And then, as suddenly as the blinding light had appeared, it disappeared, plunging the world back into darkness. Hannibal, still shaken but somehow standing on the grass of his lawn – or at least that’s what it feels like – took a moment to collect himself. He was still alive. His eyes, moments before being assaulted with a brightness that had surely done damage, took a long time to adjust back – the pitch black slowly mellowing back to the evening dimness it was before. All the while Hannibal was dreadfully aware that he has not died but was probably at the epicentre of something highly radioactive.

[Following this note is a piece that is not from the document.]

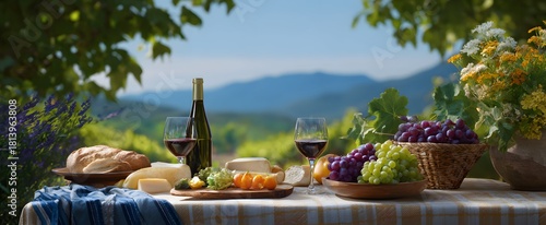 Naklejka premium Sunshine heats a vineyard table loaded with fresh eats and wine bottles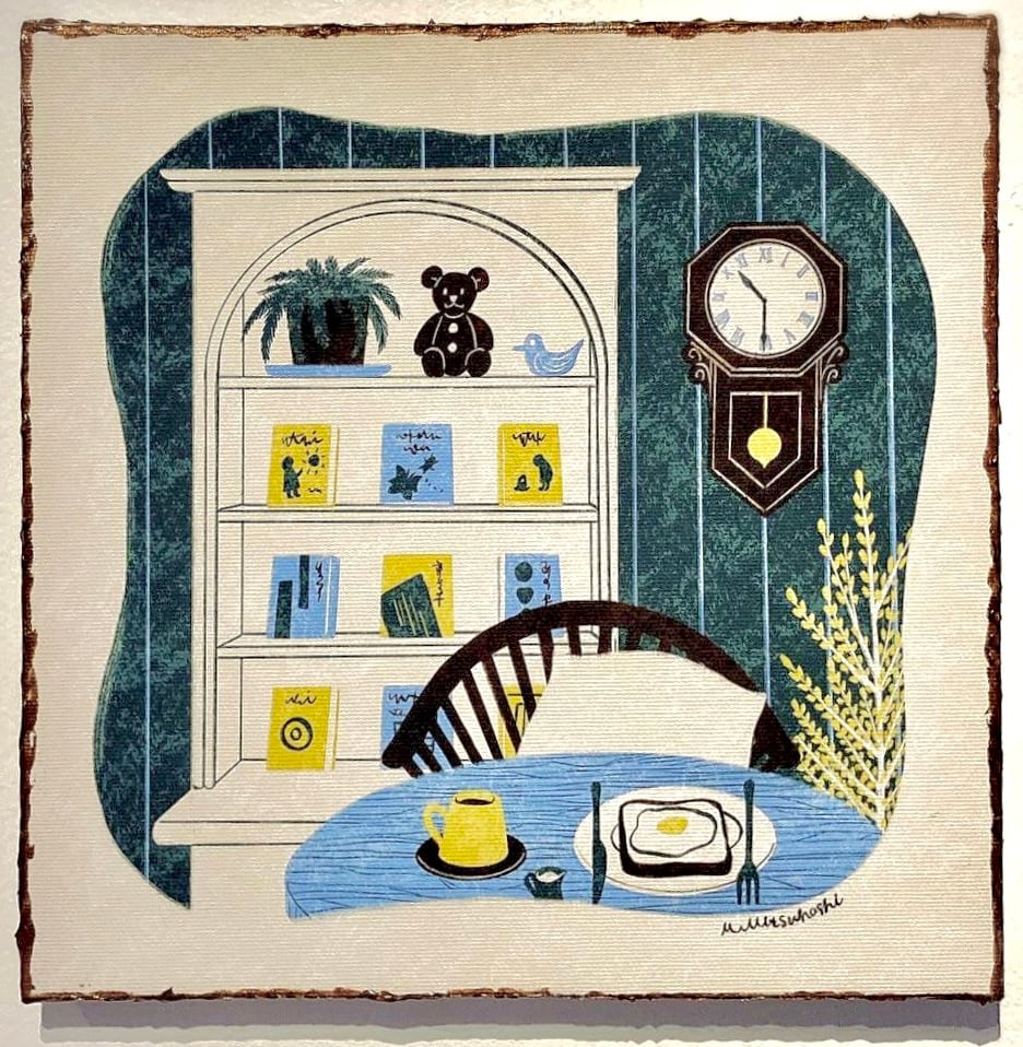 マットジークレープリントを施したキャンバスパネルに光沢感のある画材で加筆した一点物のアート作品です。

Eyes finally readjusted – or at least close enough – Hannibal surveyed his back garden. For the most part it was unchanged. His lawn furniture was upturned, port glass shattered amongst the grass blades, but beyond that everything is mostly as he left it. Oh, except for the enormous crater that had transformed most of his garden into a huge, muddy maw. A huge crater that seemed to still be emanating light. That’s why he can still see, Hannibal realised, there’s a warm golden glow shining up from the bottom of the crater. Radioactivity was certainly looking more likely. Were there any nearby reactors to explode?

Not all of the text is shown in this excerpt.